木村番外

木村番外

木村第一次見陸清野是在一間小日式飯館里,那天他剛從報社下班,選了一個角落的位置,沒兩分鐘便有個年輕的服務員拿着菜單朝他走了過來,她用不太熟練的日文和他打着招呼。

不知道為什麼,服務員的聲音一出,他便知道她一定剛來日本不久,木村便下意思抬眸看了她一眼。

那是一張讓人過目不忘的臉,細眉,鵝蛋臉,小巧的鼻子,櫻唇,細眉下面是一雙杏仁眼,瞳孔是純黑色。

亞洲女子其實大多長得都很相似,只要她們不開口說話,一般是很難分辨出,她們來自於哪個國家,可這張臉,卻更加讓木村認定,她是外來的。

至於是哪個國家,木村未猜透,只是入神的盯着面前的年輕女孩。

那女孩在他目光的注視下,也不害怕,而是再次用日文提醒了他一句點東西。

她提醒完,也不停留,將木村未接的菜單放下,便轉身走了,去了廚房內,不見蹤影。

木村坐在那愣了幾秒,沒多久小飯館的老闆娘從廚房內走了出來,見木村來了,便主動走過來同他打招呼。

木村是經常來這家飯店用餐的,一個月差不多有二十多天都在這裏,所以他同這裏的老闆娘是相當熟。

每次老闆娘見他來了,都會同他聊上兩句,這次也是一樣。

兩人談論了幾句這幾天的天氣,很快木村便詢問老闆娘,她們飯館是不是又新招了服務生。

那老闆娘見他如此問,當即便對他說:「才來三天,是個華人,做事情方面很是笨拙,不像是干粗活。」

老闆娘話語間略帶了些嫌棄,顯然是對那新招的服務生不太滿意。

木村聽老闆娘如此說,只是笑而不語。

老闆娘又嘆了一口氣說:「要不是見她孤身一人在外,可憐她,這種幹活不利索的女孩子,我是不會留的。」

老闆娘說到這,見木村竟然難得的問起她店裏的服務生,便又笑着問:「怎麼?你怎突然跟我問起我店裏的服務生了?」

木村剛要解釋什麼,老闆娘又打趣著問:「莫不是看上人家了?」

就在這時,那年輕的女孩子又從廚房內走了出來,手上端著一壺清酒,他們自然知道她是聽得懂日語的,老闆娘沒再繼續打趣下去,伸手在木村肩頭輕輕拍了兩下,便笑着從他桌邊退了下去

木村只老闆娘是誤會了,可也沒時間讓他解釋,他也只能在心裏無奈一笑。

那年輕女孩端著一壺清酒來到他桌邊,她還是同之前一般,放下東西就走,這一次甚至都未跟他多說一句。

不過木村又主動喚住了她,遞了一張名片給她。

那女孩子停下,不解看向他。

木村又主動問:「你是華人嗎?」

年輕女孩並未立即回答,而是猶豫了幾秒,不過很快,她回了句:「是的。
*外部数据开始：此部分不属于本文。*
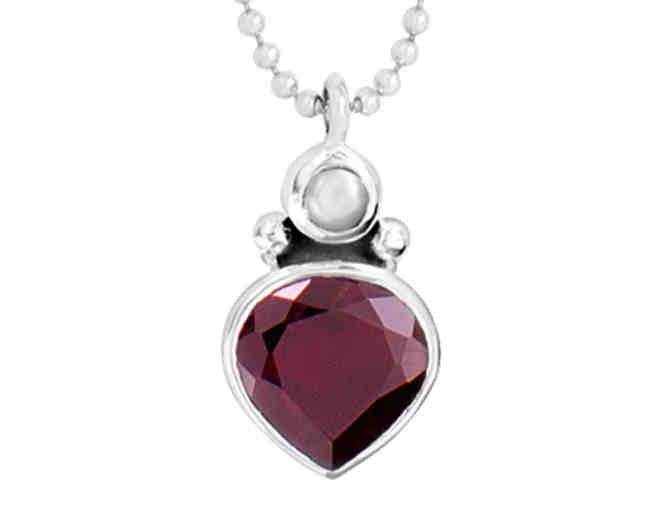 Shine bright with the classic Get Glowing Necklace. It features a rich Garnet and delicate Pearl, a Sterling Silver setting and a Ball Chain. Add a pop of ruby color to a cream blouse and dark denim. Adjusts 17"-19".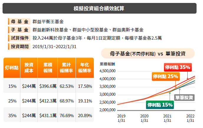 例如,若原本僅將資金停泊於貨幣市場基金,近3年的年化報酬率為0.38%,但若加上母子基金的機制,以母子基金方式定期定額於波動較大的創新科技基金,年化報酬率則提升至7.25%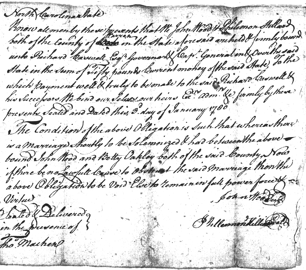 Oakley Betty Wood John 03 Jan 1780   Philemon Hilliard White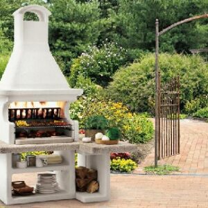 Gratar Andros 2 cu structura metalica interior hota, vatra consolidata cu perete dublu cu un continut mare de aluminiu,  blat din Marmotech finisaj antichizat, gratar standard 76x40cm , tratament hidrofug blat.
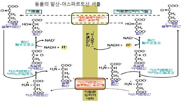 ⦁말산-아스파르트산 셔틀(malate-aspartate shuttle) : 동물세포의 해당작용에서 형성된 NADH의 전자가 전자전달계에 전달되는 과정으로서 전자를 미토콘드리아에 있는 NAD⦁에 전달한다. 포유류의 간, 심장, 신장세포에서 일어난다.

」

木村也不知道自己為什麼要幫她,可能下意識覺得一個女孩子,孤身一人在異國他鄉,多少是有些可憐的,特別還是在這種工錢並不多的小飯店工作。

正好這幾天他在領事館的朋友,拖他找個會華語又會日語的翻譯,這個女孩的日語並不差,倒是個合適的人選。

他說:「我沒有別的意思,只是想說,如果你需要換份報酬略高的工作,去找名片里的人即可。」

那女孩並沒有第一時間接過,而是警惕的看了他許久,大約是因為老闆娘又從廚房出來了,她不想讓老闆娘覺得她對客人無理,便直接接過了他手上那張名片,往口袋裏一塞,這才離開。

木村其實知道她不會去領事館找他的朋友,所以之後那半個月里,他也未去問過他朋友,也沒有再去過那家飯館。

直到一個月過去,他意外的接到了那位朋友的電話,他在電話內感謝他,為他找了個好翻譯,讓他完美的完成了工作。

木村一時轉不過彎來,過了好久才問了句:「她真的去找你了?」

他的朋友不知他為何會如此問,便反問:「誰?」

木村意識過來什麼,立馬笑着說:「我說的是我給你介紹的那個人。」

他朋友在電話那端很是開心笑着說:「她不僅會日語,竟然還會英語,真是讓人意外,我就知道木村你給我找的人不會差。」

這讓木村有些意外了,他對那服務生並不是很了解,以為她也只會日語而已,沒想竟然還會多種語言。

從這點來看,應該是受過良好教育的,怎會孤身一人在這裏呢。

木村心裏雖然疑惑,可也沒多想,他也沒有同他朋友說,這女孩子是他隨手在飯館找的,反而拜託朋友幫他多多照顧她。

他朋友也誤以為這個人和他關係匪淺,自然是滿口應承了。

他和她之間的緣分,從他隨手遞出的名片開始,木村也沒料想到,一個月後,他的工作竟然也從雜誌社挪去了領事館那邊,兩人正式有了接觸。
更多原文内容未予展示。